## What you have to do
Leave out all pictures. Extract exactly the lines from the one containing "该建筑群主楼,据说曾经是二十" through the end of the data.

## Data for review
>>>>
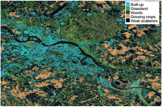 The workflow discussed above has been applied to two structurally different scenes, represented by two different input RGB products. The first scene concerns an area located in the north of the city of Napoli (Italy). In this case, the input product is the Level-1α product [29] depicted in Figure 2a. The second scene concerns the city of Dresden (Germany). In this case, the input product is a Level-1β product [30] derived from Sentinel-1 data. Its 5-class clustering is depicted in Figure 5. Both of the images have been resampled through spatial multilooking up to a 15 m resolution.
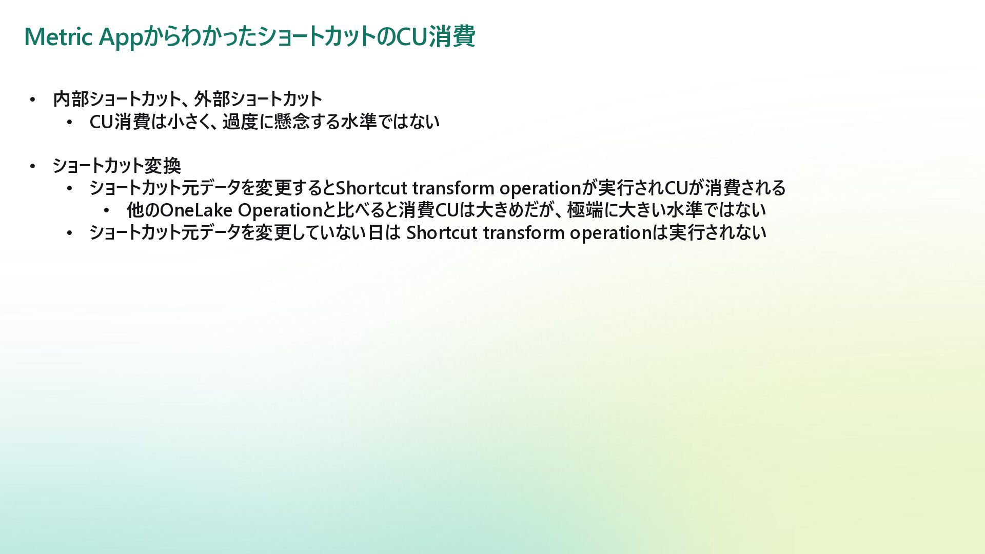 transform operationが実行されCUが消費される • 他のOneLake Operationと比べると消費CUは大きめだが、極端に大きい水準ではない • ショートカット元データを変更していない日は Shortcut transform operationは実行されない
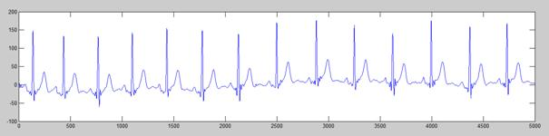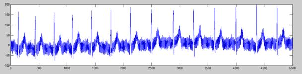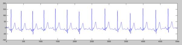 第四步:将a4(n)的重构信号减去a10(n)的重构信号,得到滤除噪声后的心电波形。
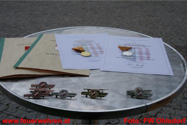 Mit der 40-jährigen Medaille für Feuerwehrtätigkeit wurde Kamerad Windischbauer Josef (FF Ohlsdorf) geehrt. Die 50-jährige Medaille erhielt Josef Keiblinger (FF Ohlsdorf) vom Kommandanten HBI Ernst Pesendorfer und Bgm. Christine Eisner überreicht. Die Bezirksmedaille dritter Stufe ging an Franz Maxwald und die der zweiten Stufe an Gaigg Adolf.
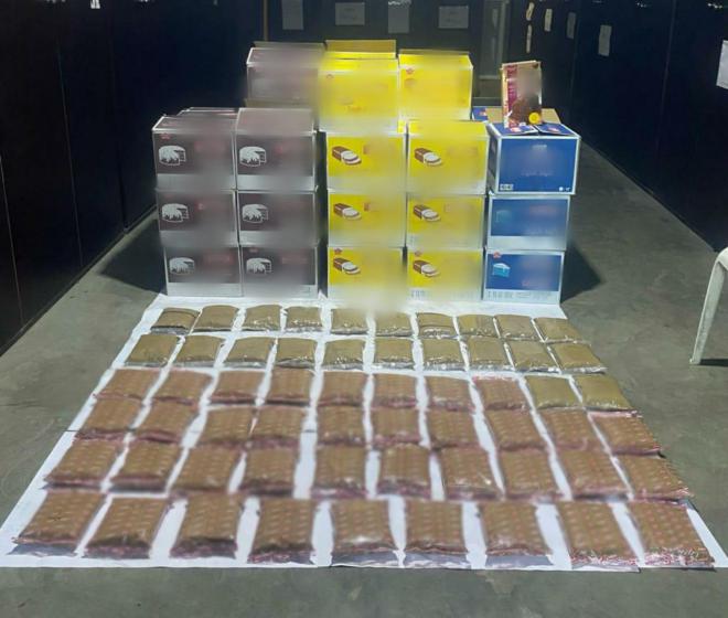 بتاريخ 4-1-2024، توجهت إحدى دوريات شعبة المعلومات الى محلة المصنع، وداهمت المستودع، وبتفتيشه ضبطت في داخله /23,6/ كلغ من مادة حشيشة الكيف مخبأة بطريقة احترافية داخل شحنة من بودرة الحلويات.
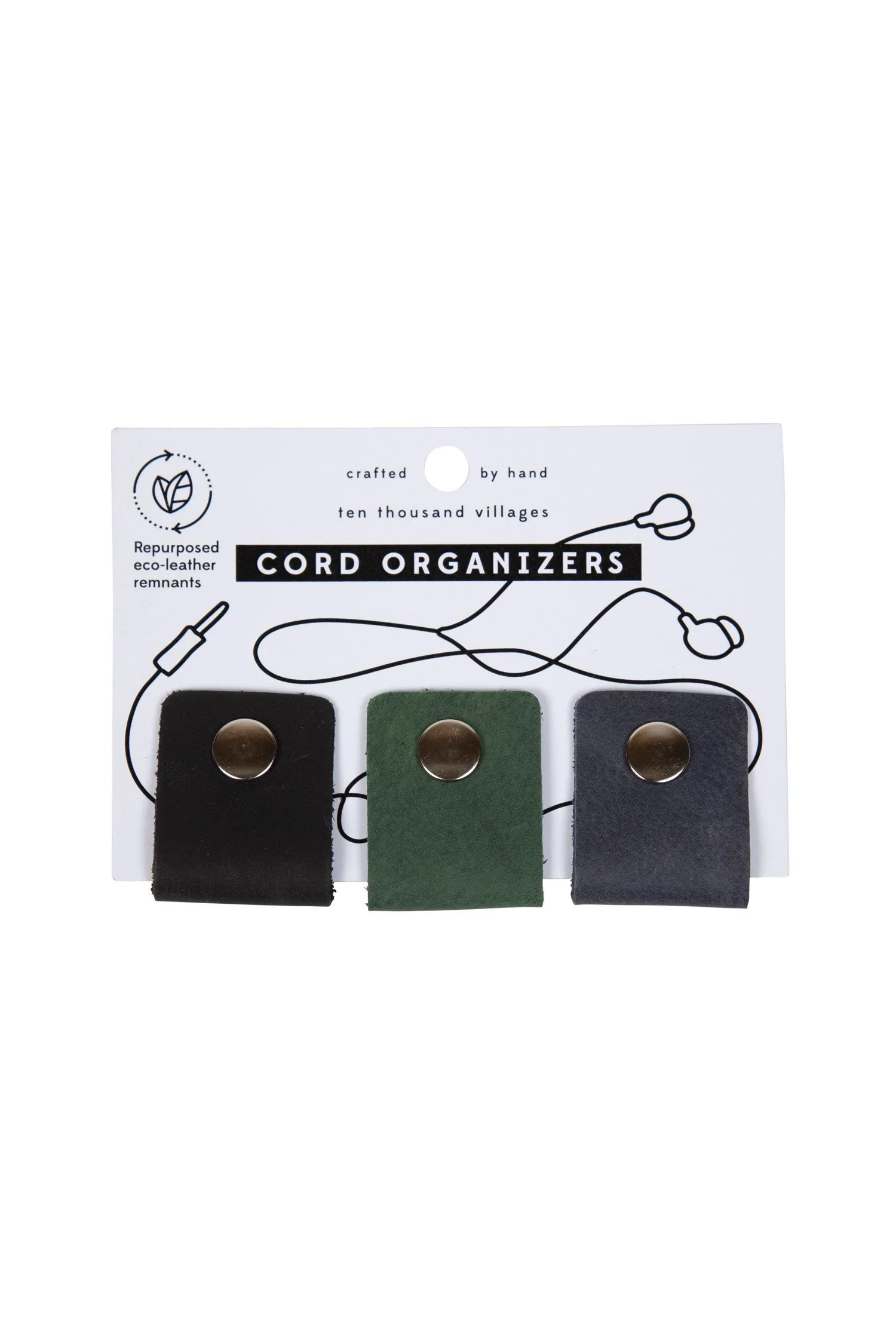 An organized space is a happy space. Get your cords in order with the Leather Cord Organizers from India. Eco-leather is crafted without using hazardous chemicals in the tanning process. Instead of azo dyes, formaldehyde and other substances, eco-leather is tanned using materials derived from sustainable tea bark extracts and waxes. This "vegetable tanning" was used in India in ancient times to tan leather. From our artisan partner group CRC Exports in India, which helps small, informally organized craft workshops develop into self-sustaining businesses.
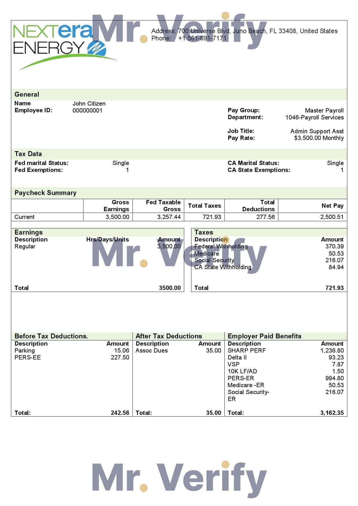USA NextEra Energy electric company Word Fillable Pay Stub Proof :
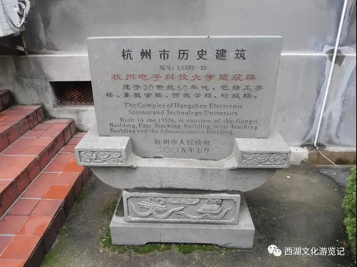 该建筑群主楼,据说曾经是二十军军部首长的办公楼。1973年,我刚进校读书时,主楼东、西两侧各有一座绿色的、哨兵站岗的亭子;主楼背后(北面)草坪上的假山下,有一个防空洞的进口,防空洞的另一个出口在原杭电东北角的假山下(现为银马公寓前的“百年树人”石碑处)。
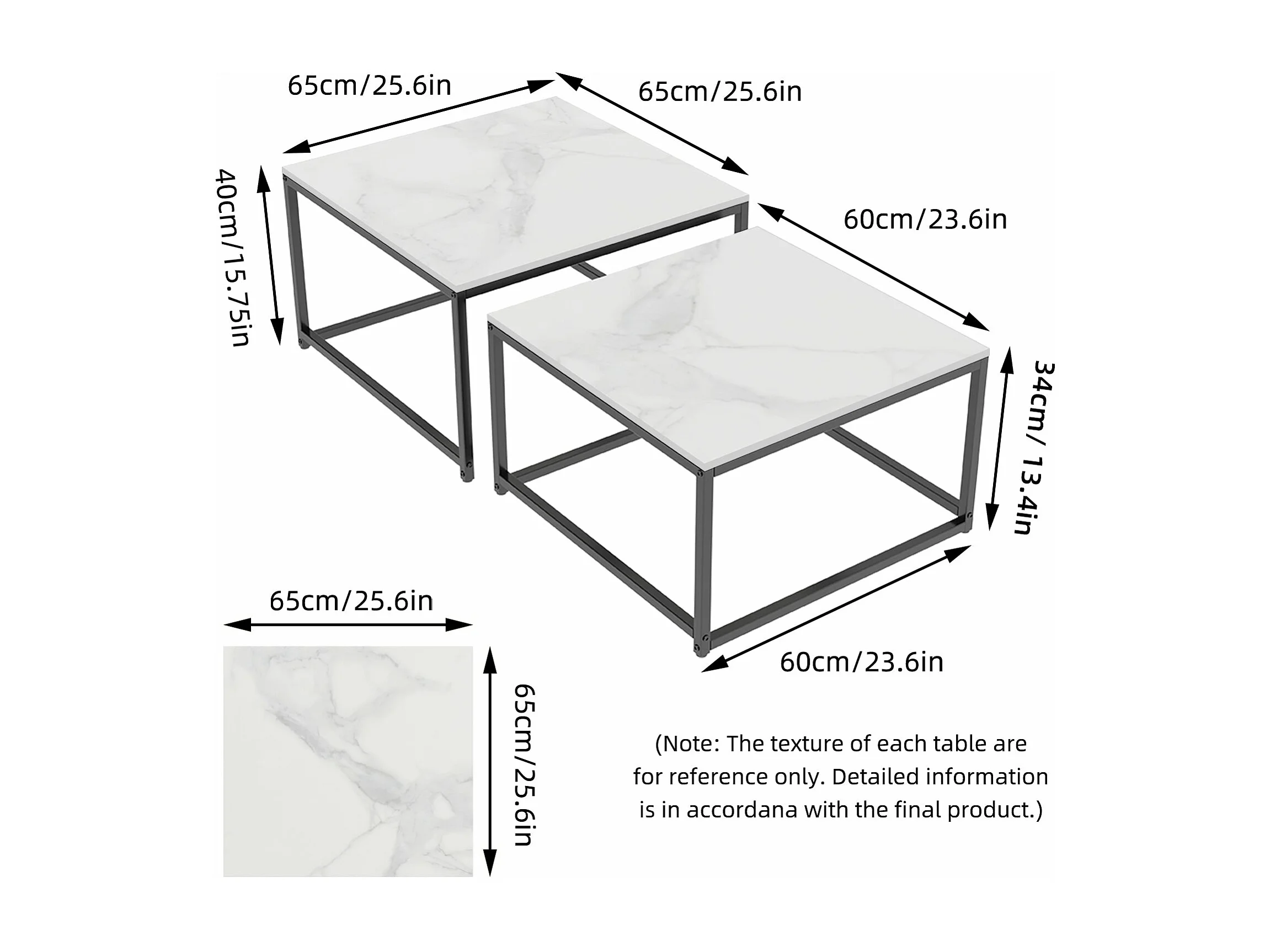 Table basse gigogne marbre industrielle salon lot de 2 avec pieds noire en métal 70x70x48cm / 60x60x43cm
<<<<
## Exercise answer
 该建筑群主楼,据说曾经是二十军军部首长的办公楼。1973年,我刚进校读书时,主楼东、西两侧各有一座绿色的、哨兵站岗的亭子;主楼背后(北面)草坪上的假山下,有一个防空洞的进口,防空洞的另一个出口在原杭电东北角的假山下(现为银马公寓前的“百年树人”石碑处)。
 Table basse gigogne marbre industrielle salon lot de 2 avec pieds noire en métal 70x70x48cm / 60x60x43cm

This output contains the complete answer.